Pueden ser muchas cosas de distinta importancia o gravedad. Y estas cosas malas pueden acabar ahogándonos, porque las consecuencias suelen ser muy gordas y complicadas.
Ante algo así es humano desanimarse, ponerse triste, perder del todo la alegría, enfadarse, rebelarse, deprimirse, mandarlo todo a freír espárragos. Es humano cuestionar a Dios, preguntarle cómo ha podido permitir eso, en qué porras estaba pensando para mandarnos algo así… Es perfectamente comprensible y Dios más que nadie lo entiende porque Él es el fabricante y sabe cómo estamos hechos. Así que tranquilidad: podemos perder los papeles con Él, que no se va a asustar. Y mucho menos nos va a dar la espalda, aunque le digamos de todo, que también nos puede pasar en un momento de mucho dolor o angustia. Él por su parte no nos va a abandonar, ¡es nuestro Padre, es Papá Dios!
¿Y nosotros, qué vamos a hacer? Ante una situación desesperada, desgarradora, cualquiera de nosotros incluso siendo creyente y hasta de misa diaria podría reaccionar, simplificando mucho, de 2 formas opuestas: acercándonos más a Dios o apartándonos de Él. Eso dependerá de lo mucho que nos duela, de lo poco que comprendamos y de la salud de nuestra fe.
Desde mi experiencia personal, pues, me atrevo a decir que pase lo que pase, por terrible, horrible, espantoso, aborrecible, abominable, atroz, horroroso, angustioso, desagradable, desesperante, desolador, lamentable, desgarrador o tremendo que sea lo que nos pase o por muy repugnante, deleznable, execrable o monstruoso que sea lo que otros nos hagan, nada nos separará del amor de Dios si nosotros no queremos.
No es agarrarse a un clavo ardiendo, no es salvar la situación a la desesperada, no es perder el sentido de la realidad: es una certeza que procede de la confianza total y absoluta en Dios que nos da la fe.
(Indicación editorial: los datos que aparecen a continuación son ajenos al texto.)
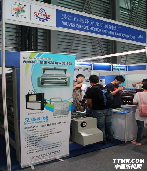 展會期間,兄弟機械展出的X860變頻卷驗機,不僅可以省電20%,且通過變頻設計自動調節張力,其技術含量令業界感嘆。此外,還為現場觀眾提供了卷驗機產量疵點數據采集終端。據悉,其電子碼表可連接步長傳感器,實時顯示布匹長度。而嵌入式可編程鍵盤,可靈活定義疵點名稱及其他鍵盤功能。同時還支持紙質檢驗單據打印和歷史檢驗單查詢等功能。工作人員告訴我們,此次參展的產品不但性能更勝從前,而且穩定性可比肩國外先進產品,甚至可取而代之。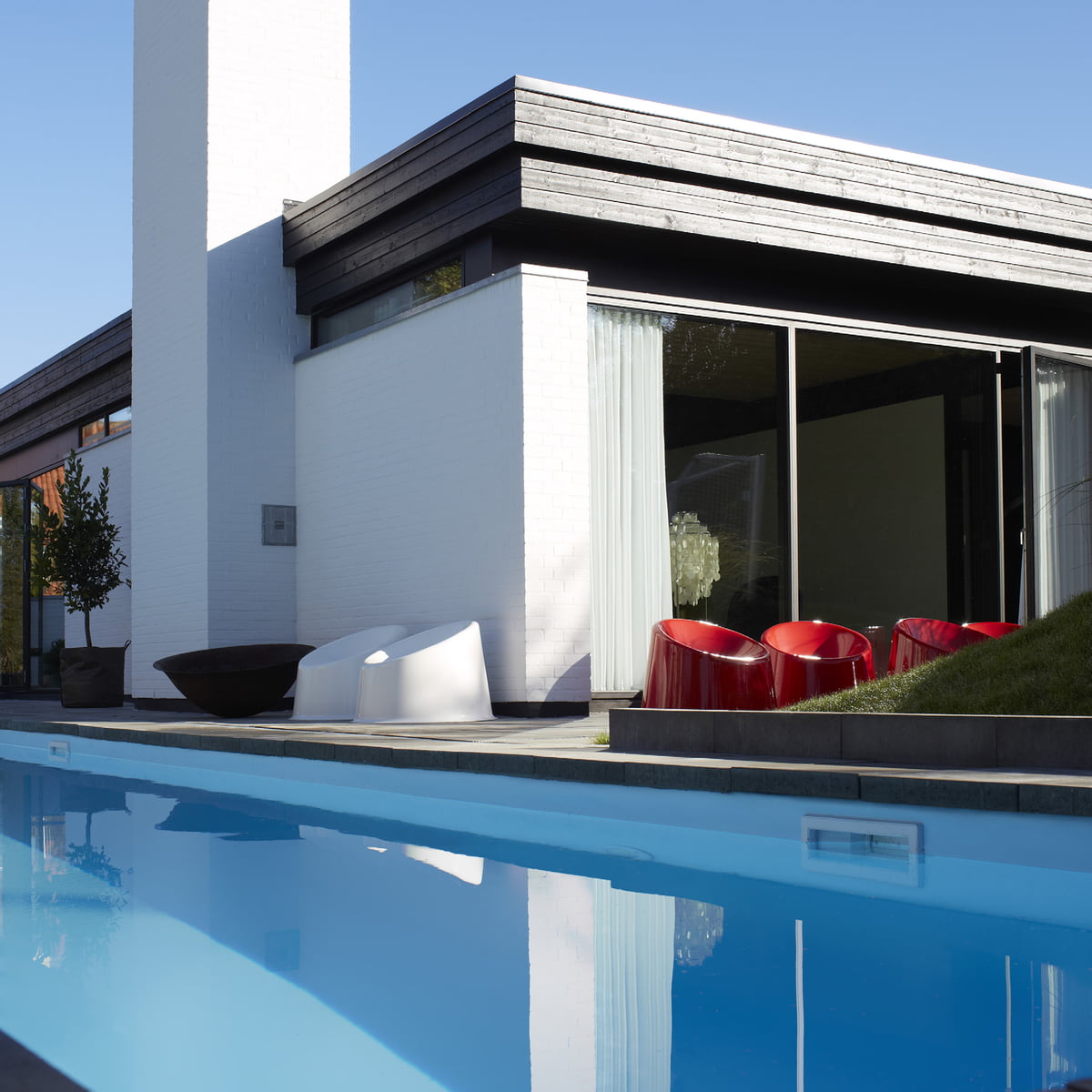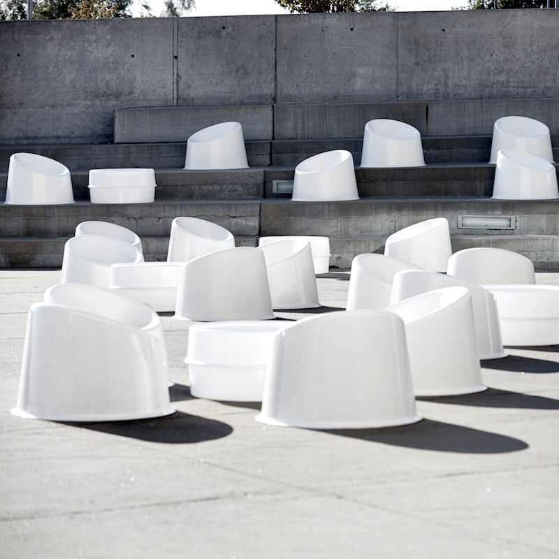 With Warhol-like overtones, Panto Pop brings art-world chic to a lounge chair. Stackable and ready for use inside or out, the molded ABS-plastic seating has a boldly graphic appeal and comfortably molded contours. From poolside to playroom, design master Verner Panton's lounge chair reflects its circa 1969 origins while remaining a practical and cheery standout today.

Dios nos regala la fe en primer lugar y una vez que Dios nos la da es tarea nuestra mantenerla viva, alimentarla y hacerla crecer.
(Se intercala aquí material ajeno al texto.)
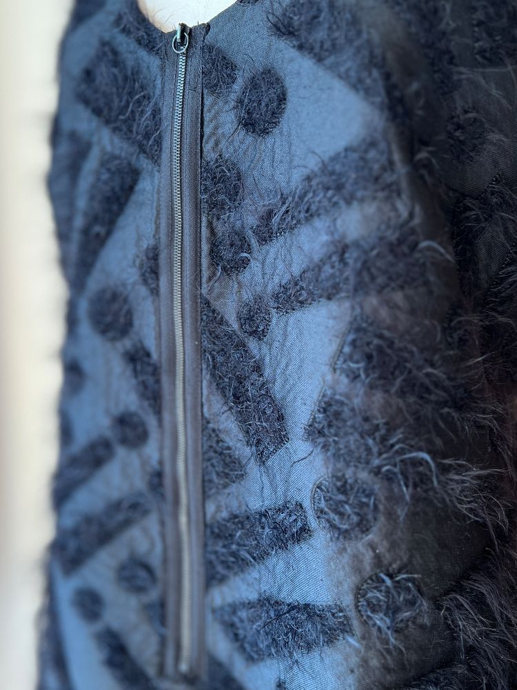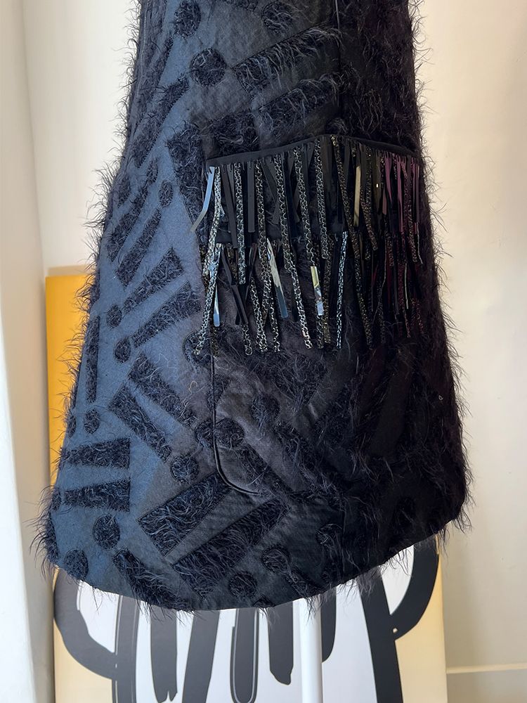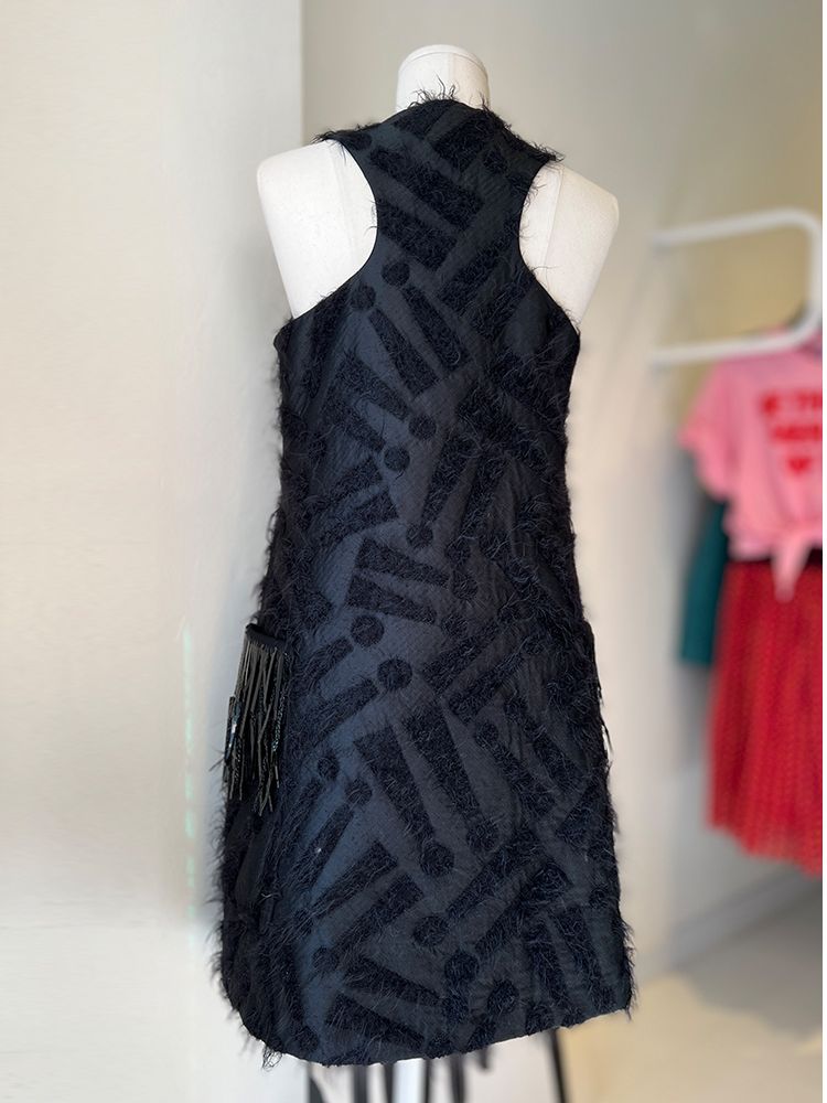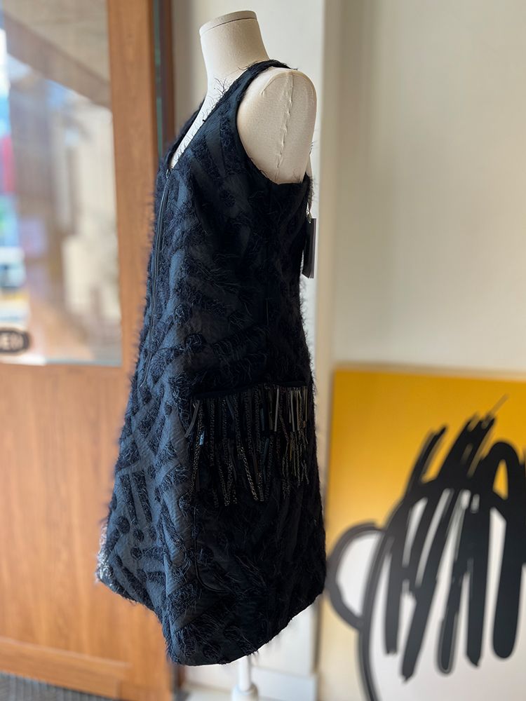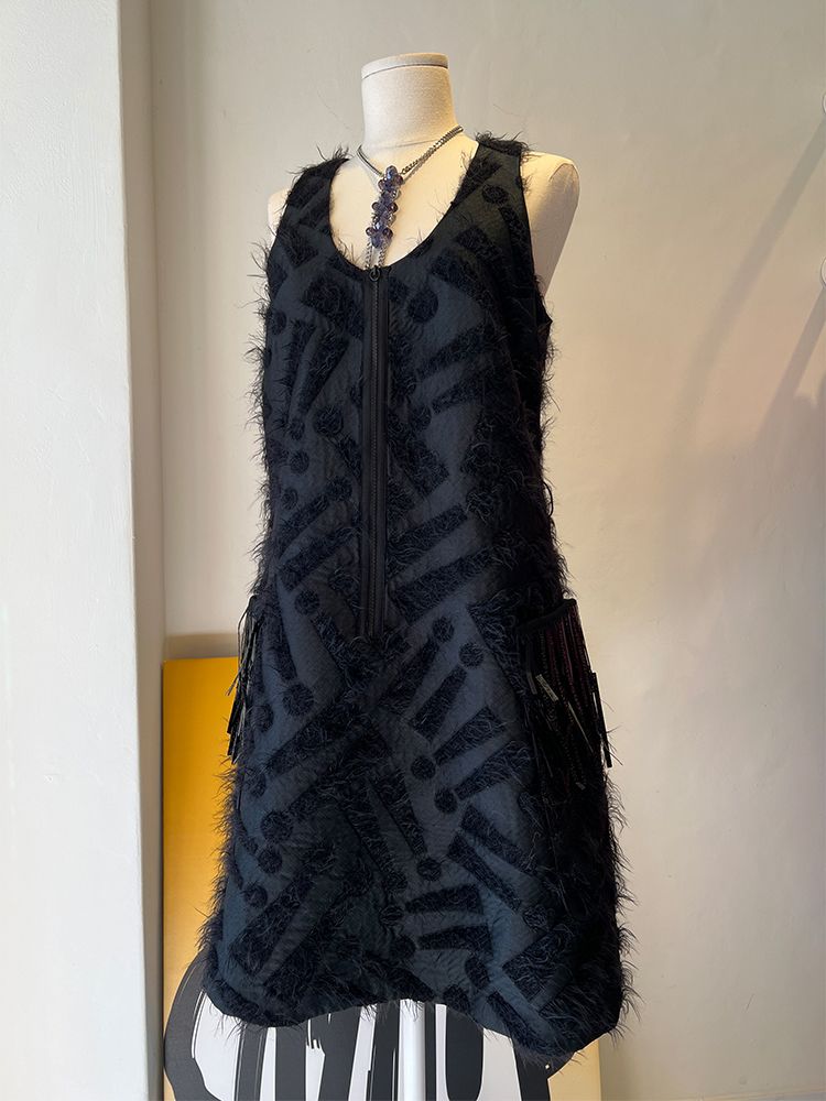 블랙,독특한 자가드 원단, 프론트 집업, 양쪽 주머니와 태슬장식 디테일, 소매가 없는 슬리브리스 드레스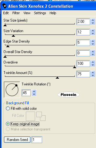 Ripeti l'Effetto Constellation, con gli stessi settaggi, ma cliccando una volta su Random Seed.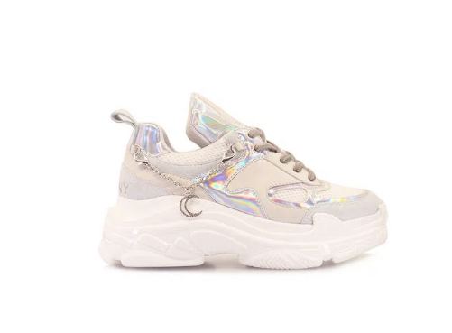 Zapatilla combinada en mesh deportivo, nobuk y tornasol plata. Aplqiue desmontable de cadena con dije de luna con strass. Dome de goma con Luna y Rayo en lengua. Aplqiue de marca con glitter en talón. Base deportiva inyectada en blanco. Altura de taco de 5 cm. Altura de plataforma de 3 cm. Zapatilla de horma chica. Cuestan $ 21.000.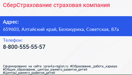 СберСтрахование, страховая компания по адресу 659603, Алтайский край, Белокуриха, Советская, 87а в дальнейшем Организация, размещена в следующих категориях:

Y esta confianza total en Dios nos mantiene a flote en medio de las dificultades, cuando todo parece ir tan mal que sólo queremos meternos en un agujero y no salir hasta que las cosas se arreglen.
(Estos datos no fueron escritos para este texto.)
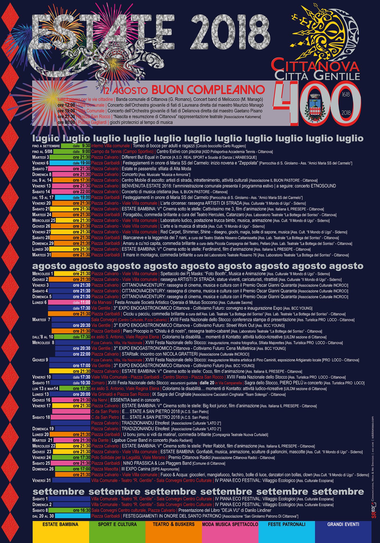 E ancora spazio a gruppi musicali, artisti di strada, rappresentazioni teatrali di commedie brillanti in piazza, cinema e giochi per bambini, danza e tantissimo sport in tutte le serate di luglio e agosto, fino ai festeggiamenti patronali di fine settembre. «Cittanova sarà al centro dell’estate e festeggerà degnamente i suoi 400 anni», ha concluso il Sindaco Cosentino. «Lo sforzo dell’Amministrazione nel costruire un cartellone così ricco è stato quello di offrire ai cittanovesi – ma anche ai tanti turisti e emigrati che durante le ferie estive tornano dai loro cari – una programmazione all’altezza di una città che, come ha fatto in altri settori, dall’ambiente ai lavori pubblici, dalla scuola al sociale, vuole offrire ai cittadini servizi sempre più all’altezza delle proprie ambizioni».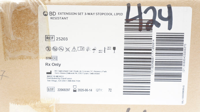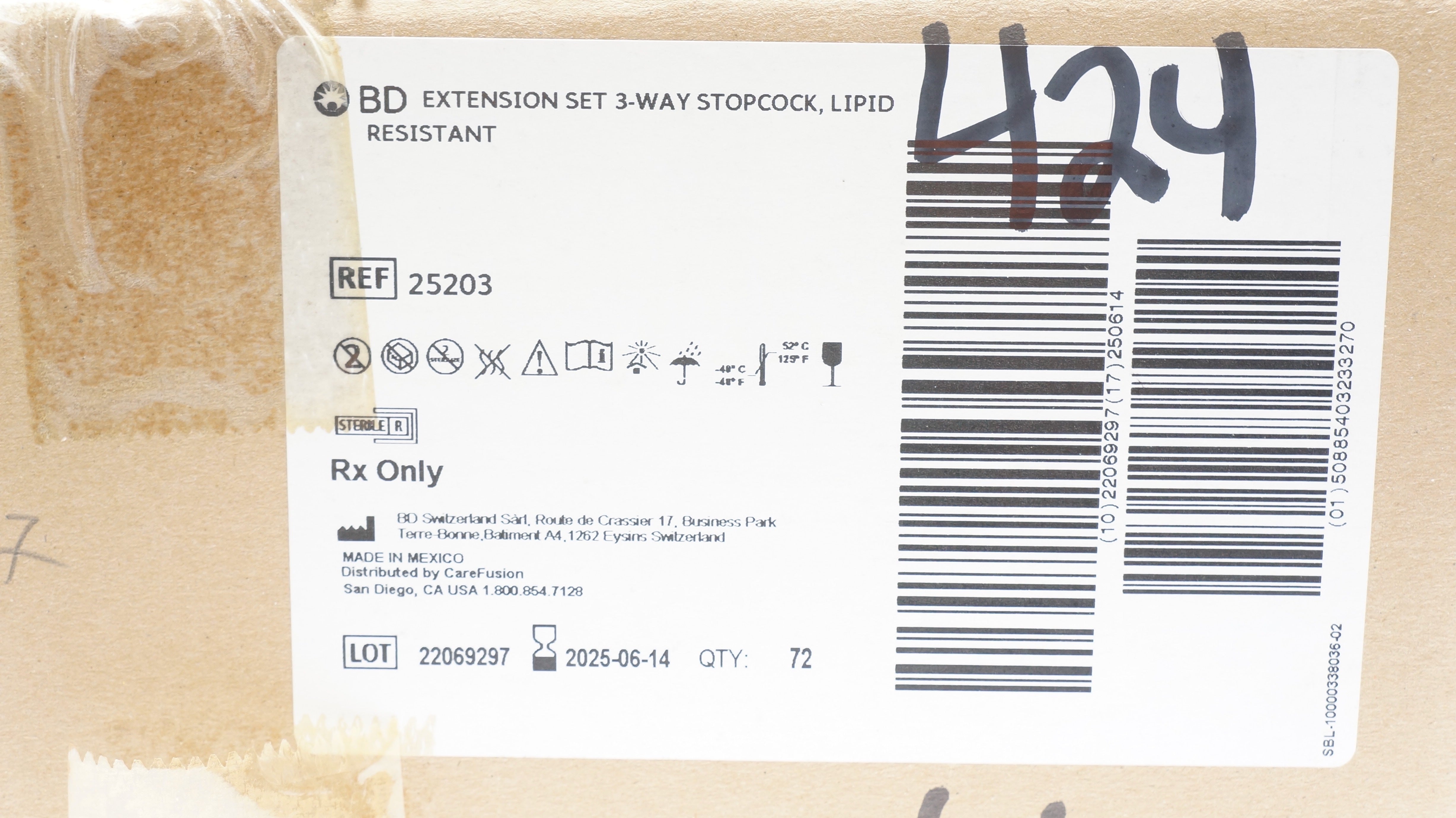 - BD 25203 Alaris Extension Set 3-Way Stopcock, Lipid Resistant - Box of 72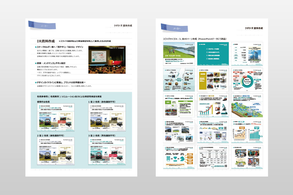 スライド投影⽤および参加者配布⽤のIR資料をブラッシュアップ。デザインガイドラインの基準に準拠した上で、ステークホルダー様に「見やすく」「伝わる」デザインへ。企業ご担当者様が修正・編集しやすいように、PowerPointデータにて納品。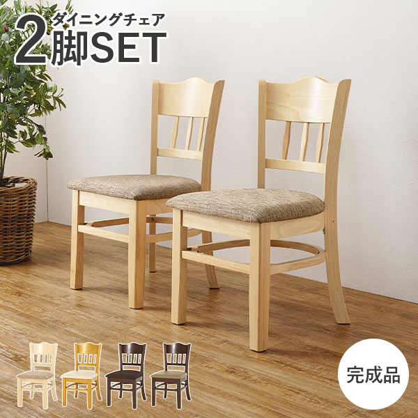 木の温かみを実感できる、天然木「ラバーウッド」を使用したダイニングチェア2脚SET。

Podríamos decir que si Dios realmente nos ama no permitiría que sufriéramos. Pero ese planteamiento es erróneo porque es un planteamiento humano. Dios no piensa como los hombres, su lógica no cabe en la nuestra. Y el sufrimiento del hombre no lo quiso Dios, entró en nuestra vida con el pecado original. Pero me estoy desviando del tema. Nada puede separarnos del amor de Dios si nosotros no queremos.